Both scores on those questions I used to derive an individual score starting from the team score and adjusting it for each team member. Works like a sort of bonus-malus-factor. The form of this formulae is too complex for writing out here, but you will find all details, if needed, in the conference papers and other stuff I've uploaded on ResearchGate. But for your interest I have appended here the criteria listing and calculation of the team score; calculation of each student's score on each of the two questionnaires runs in a similar way: the result is always a score between 0 and 1. Thus, each student's end score results from a special way of merging three scores, one of which is my own judgment (as an assessor) and the other two are pure self-assessments. All is done on a five-point scale, as usual in applied research.
If you need more explanations we should communicate by e-mail, not here.
It is a useful tool in assessing learners' perceptions of themselves as learners.
'Whilst MALS+ is straightforward to administer and score, the subsequent analysis of data obtained and interpretation of its possible significance is a much more complex process. This revised manual therefore provides more extensive information about ways of analysing MALS+ scores together with examples of possible research and clinical uses. This edition also includes two questionnaires (one for Post 16) and an acetate scoring sheet.'
The formulae is interesting! I´m at a startpoint of research on student writing and group tutoring of bachelor thesis in nursing science. I appreciate Your construction of question areas as very relevant. Thank You for the material, I will read it through and keep on touch further ahead as my project proceed for launching.
@ Ani : As an afterthought I have to say, that the 20 criteria/questions on the questionnaire are still very coarse: they only point to aspects or locations in a report which are relevant, important and frequently misunderstood. They don't tell the student yet, what precisely wen't wrong in his or her case (if anything went wrong indeed).
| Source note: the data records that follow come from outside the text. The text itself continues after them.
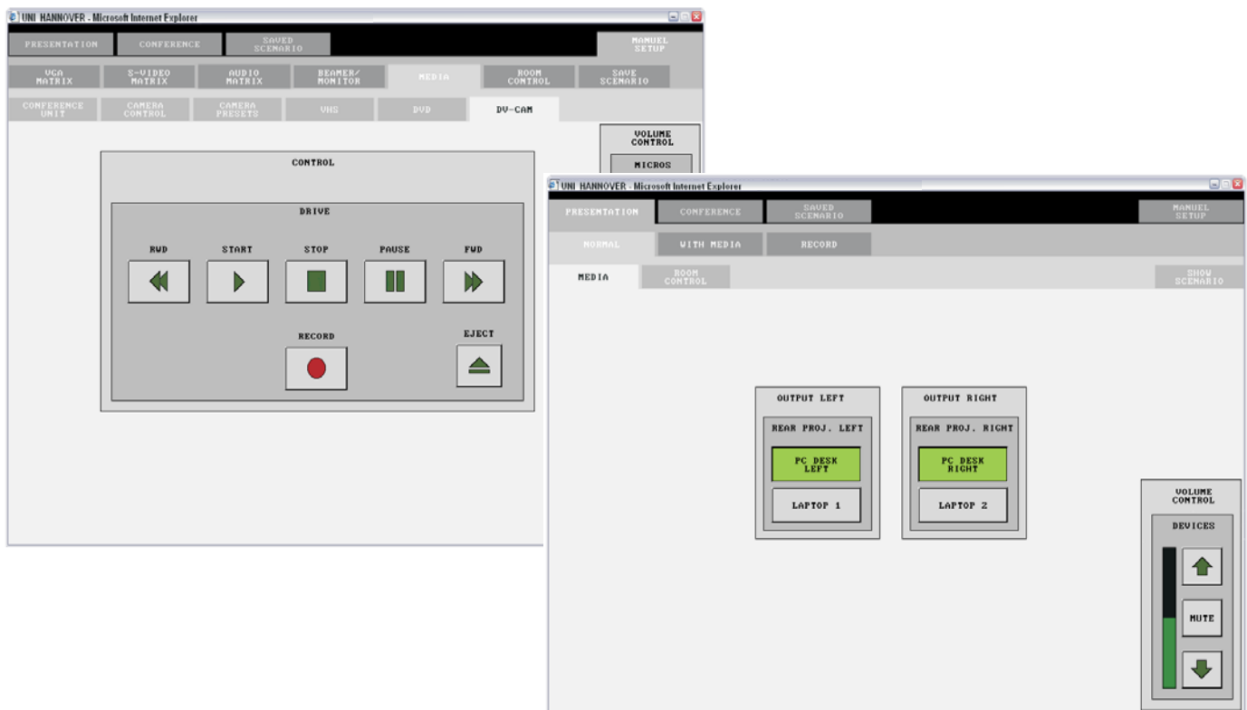
Fig. 4. Left: MANUAL SETUP, right: PRESENTATION sub tree NORMAL

To enhance the flexibility of iL2 we installed wireless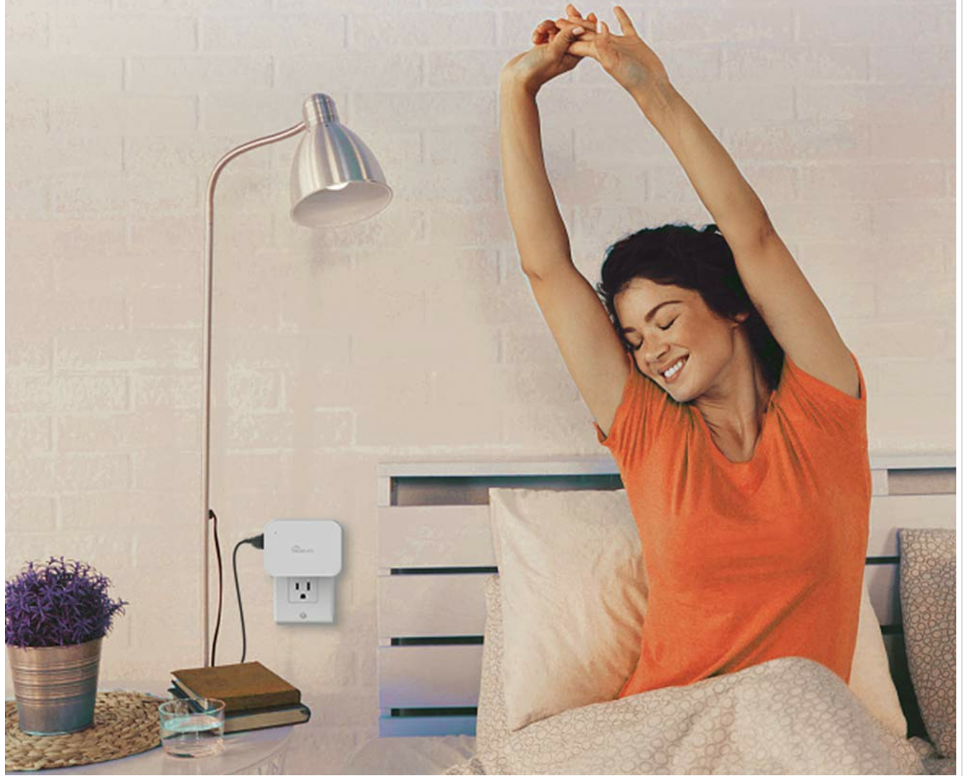
Image: A woman stretching in bed, illuminated by a lamp connected to a TREATLIFE smart plug, illustrating the sunrise simulation feature for a gentle wake-up.

Wake you up with nature brightness and aid you sleep with ideal brightness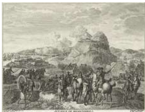
Revolutionary War Battles

Cut out each card and learn about the battles. Stack them shortest to longest and staple.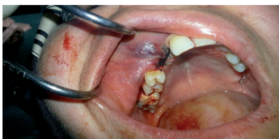
Figure 5. Postoperative intraoral appearance.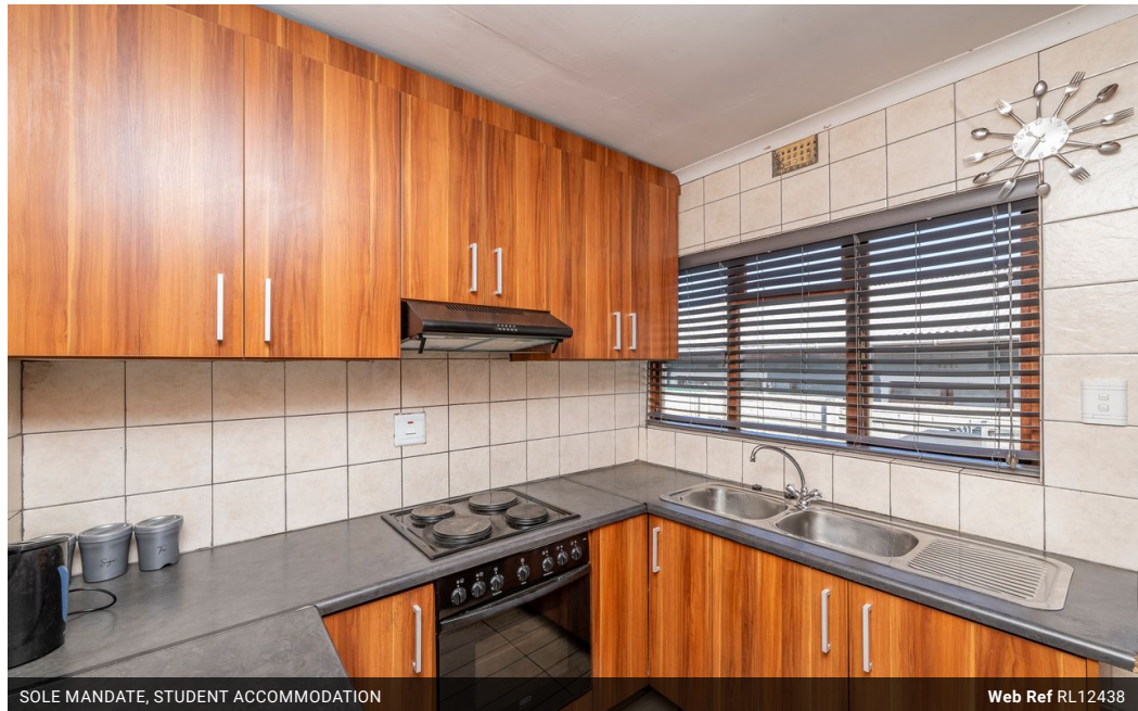
SOLE MANDATE, STUDENT ACCOMMODATION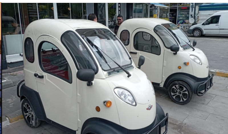
Inclusion of Electric Vehicles in Ardahan Municipality ( 2022)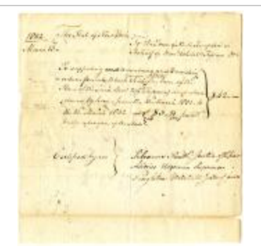
Payment for children born to enslaved persons in North Hempstead, October 2, 1802 (NYSA_A0827-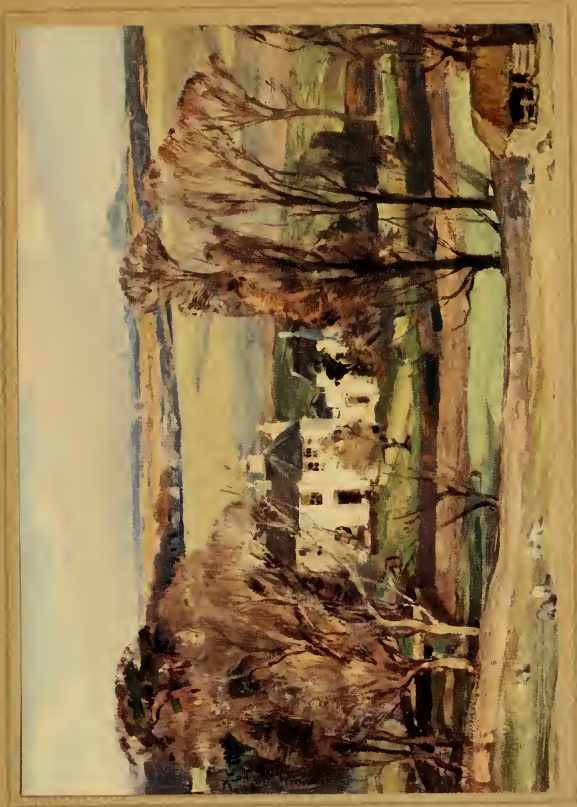
VIEW FROM FARMERS' COTTAGE 1880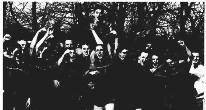
British Colleges Seven-a-Side Rugby Competition Wednesday, 5th March

Congratulations to all the team on a great season. CA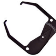
CALIPERS (PN 8309011)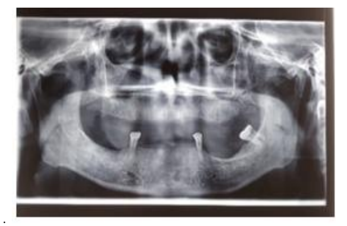
Fig 1. Preoperative patient OPG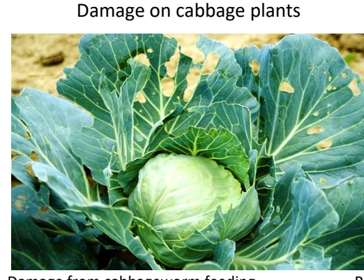
Damage from cabbageworm feeding. Nitzsche NJAES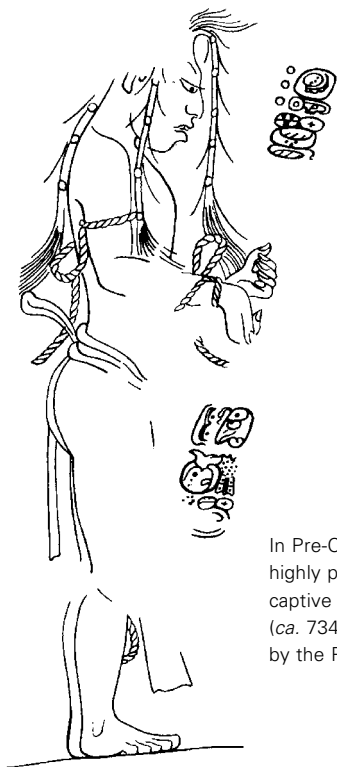
In Pre-Columbian times war captives were highly prized by the Maya. This portrait of a captive of Jasaw Chan K'awiil, king of Tikal (ca. 734 CE), was found in his tomb excavated by the Penn Museum's Tikal Project.

kingdoms and the beginning of the transformations that define the Postclassic period. The Postclassic saw a revival of Maya civilization beginning by ca. 900 CE and was cut short by the Spanish Conquest (1524–1697 CE). Over this span, uncounted generations of Maya people lived in villages, towns, and cities from the southern coastal plain and mountainous highlands of Chiapas and Guatemala, to the tropical lowlands of northern Guatemala, Belize, and Yucatan. The Maya created a sophisticated agricultural system, supplemented by forest, river, and seashore resources, to support a population that reached into the tens of millions. Archaeology has revealed this agricultural infrastructure, well adapted to varied highland and lowland environments. Excavated canals show that irrigation was employed in the highland Valley of Guatemala by the Middle Preclassic and expanded during the Late Preclassic. The lowlands hold extensive remnants of raised fields and drainage canals that made swampy land productive, and expanses of terraces that did the same for hilly terrain. Research has identified the agricultural bounty from crops like maize, beans, squashes, manioc, chili peppers, and cacao, along with domesticated turkeys, and cotton for skillfully woven clothing and textiles.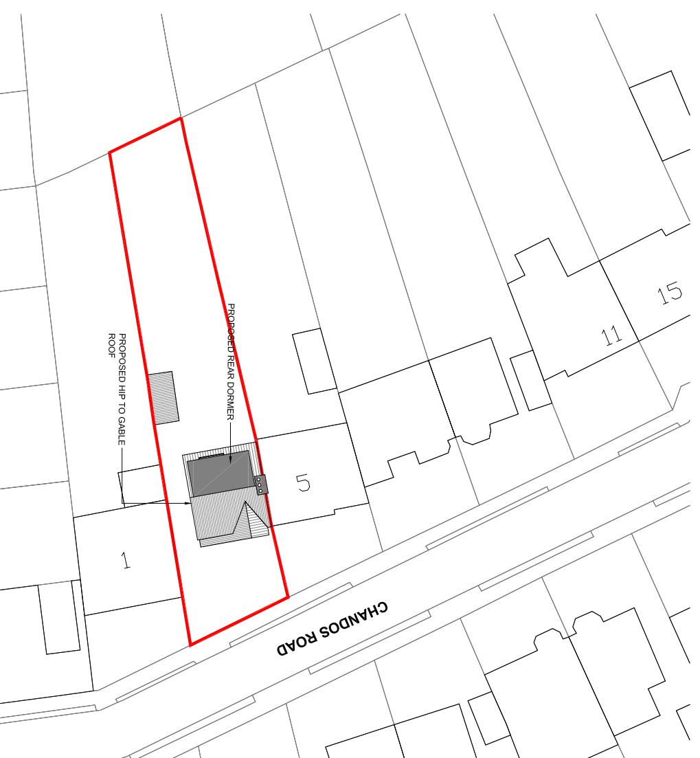
03 Proposed Site Plan 00-199 1:500@A3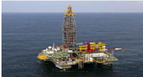
Natural Gas extraction from Msimbati village.

Currently there are giant companies includes BG, Statoil,Orphir, drilling, and later producing oil and transportation of natural gas from Msimbati and Mnazi Bay fields to Dar es salaam.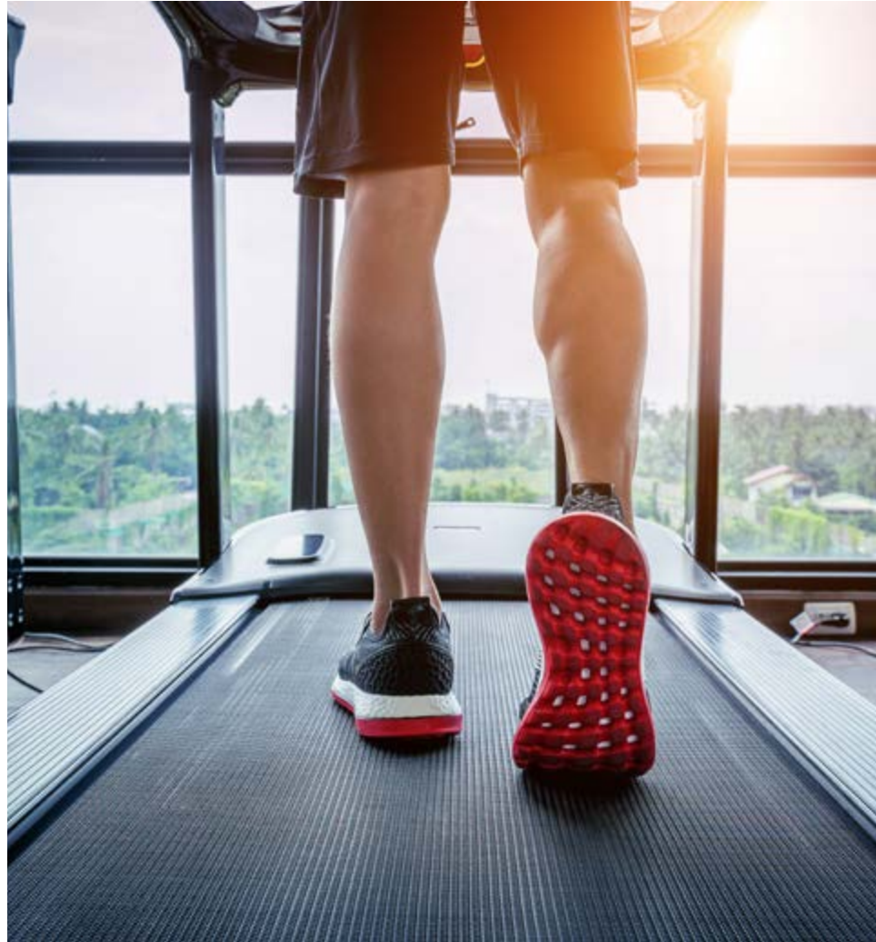
EXERCISE ROOM GYM / WEIGHT ROOM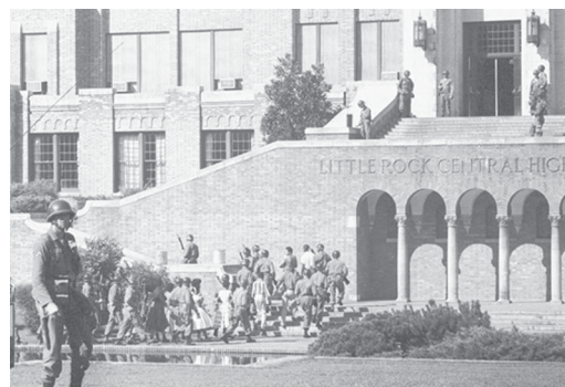
The Little Rock Nine are escorted into Central High School by 101 st Airborne troops, Sept. 25, 1957.

On September 25, 1957, under federal troop escort, the Little Rock Nine made it inside for their first full day of school. The 101 st Airborne left in October and the federalized Arkansas National Guard troops remained throughout the year.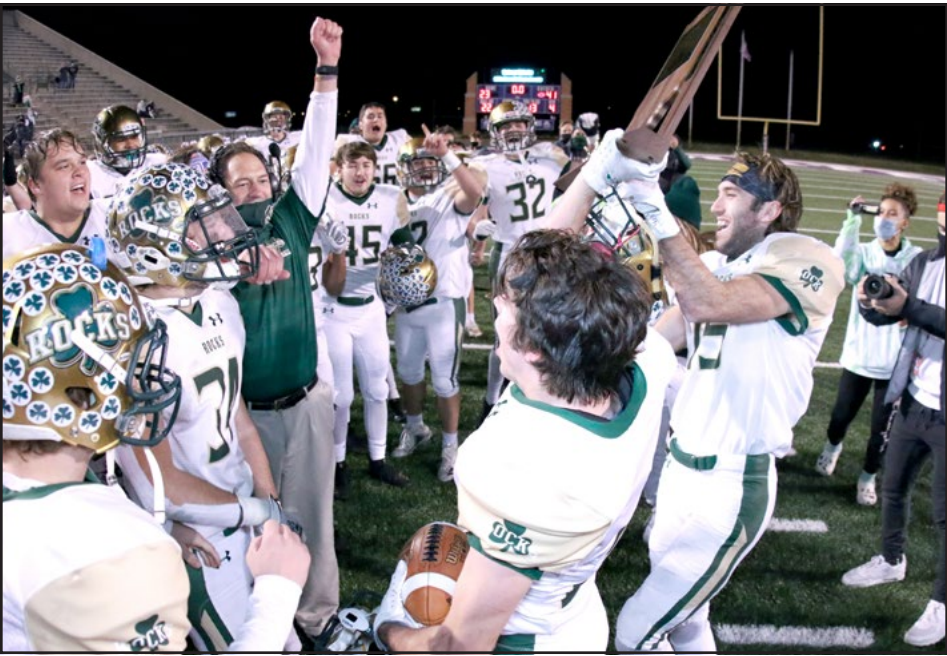
The Westfield football team, shown here after winning the semi-state, finished last season as the Class 6A state runner-up in the 2020 season. The Shamrocks will have the same schedule as last year, which means they open their season by hosting 5A state champion Cathedral Aug. 20 at Riverview Health Stadium.

The other five county schools – Fishers, Hamilton Southeastern, Noblesville, Sheridan and Westfield – did not have any

Thus I used the actual results of the first group of about 15 students to collect a much longer list of about 80 very specific violations of the technical writing guidelines and recommendations. That's indeed a long list!
I gave this list to the other two groups of the same size. And see: suddenly the results were much better, even after adjusting (i.e., lowering) my assessment tolerance, because these groups had a definite advantage over the first group, which acted as the source of this longer list.
What does that tell us? It reconfirms a well-known truth about guidelines: they are less useful during application as many people think or hope, because (most) guidelines only tell the newcomer in a general way what to do; they don't usually list all the ways, in which application of a specific guideline can go wrong, for whatever reason.
Furthermore, in the case of rather simple guidelines (from my point of view), it tells me, that many students have difficulties to "decode" the meaning inherent in the heavily "encoded" guidelines: the way back from abstract to concrete is much more difficult, mostly, than the original forward way from concrete to abstract. In the latter case the expert leaves out certain "irrelevant" details, in the former case the novice has to intuite them again, which is exactly what we want him or her to learn in the first place.